TSX closes flat despite oil, gold, Bombardier... Canada’s oil, gas industries will bounce back, but not this year... Wages little changed in February...

Steve Randall
TSX closes flat despite oil, gold, Bombardier
There were some positive forces at work Thursday which boosted the main index of the TSX. However, those forces were not enough to offset some weaker global sentiment.
Oil prices continued to rise with the Fed’s decision on interest rate in the previous session weakening the US dollar; gold was also helped by the Fed and the BoJ’s interest rate freezes.

Meanwhile, Bombardier announced a multibillion dollar deal with Delta for up to 125 C-Series jets. The Montreal firm’s news was hailed by its CEO as a “turning moment” and stocks rose 3.5 per cent.

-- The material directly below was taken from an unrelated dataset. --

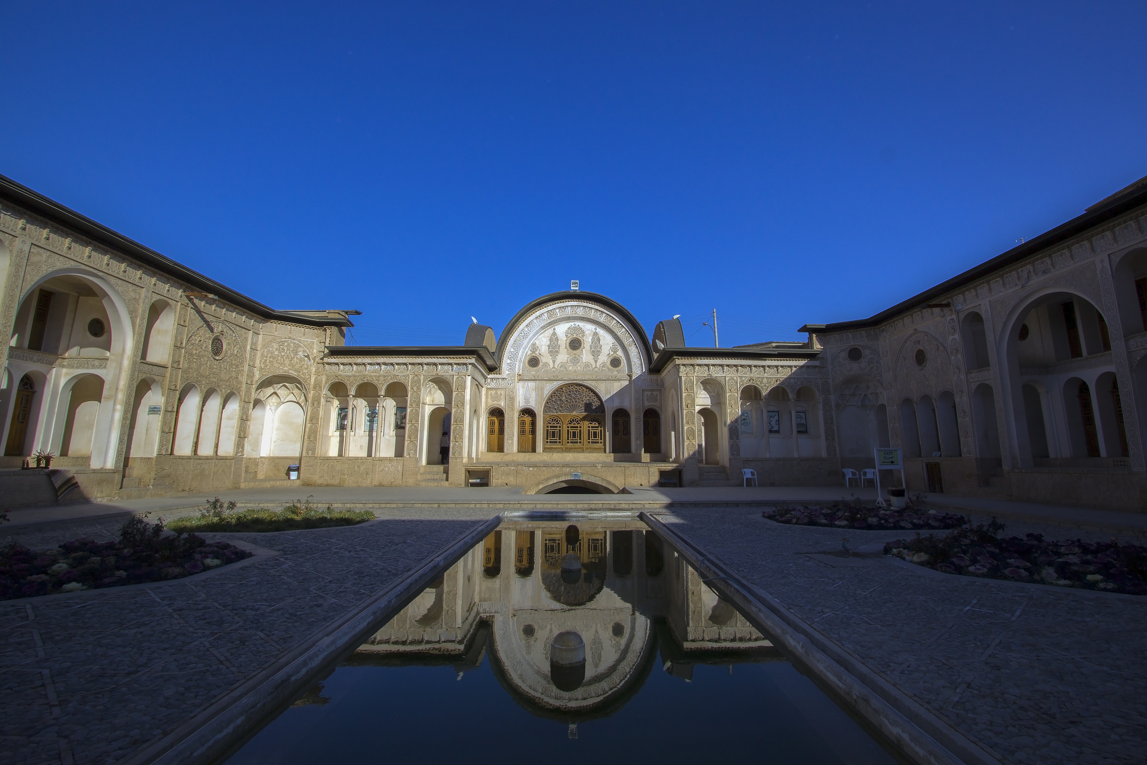 The Tabātabāei House is a historic house in Kashan, Iran. It was built in the early 1880s for the affluent Tabatabaei family.

Elsewhere, Wall Street ended the day lower with Apple dragging once again. Asian markets closed mixed with Sydney and Hong Kong advancing while the other major markets dropped. European indexes were also mixed with Frankfurt and London among the winners.
The S&P/TSX Composite Index closed down 1.23 (0.01 per cent)
The Dow Jones closed down 210.8 (1.17 per cent)
Oil is trending higher (Brent $47.84, WTI $45.87 at 4.50pm)
Gold is trending higher (1268.90 at 4.50pm)
The loonie is valued at U$0.7972
Canada’s oil, gas industries will bounce back, but not this year
A new report from the Conference Board expects better times ahead for Canada’s oil and natural gas industries, but not until 2017. The next year will continue tough, the report says, with oil suffering $3 billion of losses and natural gas losing $1 billion.

Those losses are lower than 2015’s combined $7 billion pre-tax losses and Carlos Murillo, Conference Board economist commented: “Next year, a combination of cost-cutting measures, increasing production and slightly higher oil prices should boost industry profits, helping the industry return to the black in 2017.”
Wages little changed in February
Average weekly earnings of non-farm payroll employees were $954 in February, little changed from the previous month and from 12 months earlier Statistics Canada reported Thursday that earnings growth has levelled off since February 2015. Non-farm payroll employees worked an average of 32.9 hours per week in February, roughly in line with the previous month and a year earlier.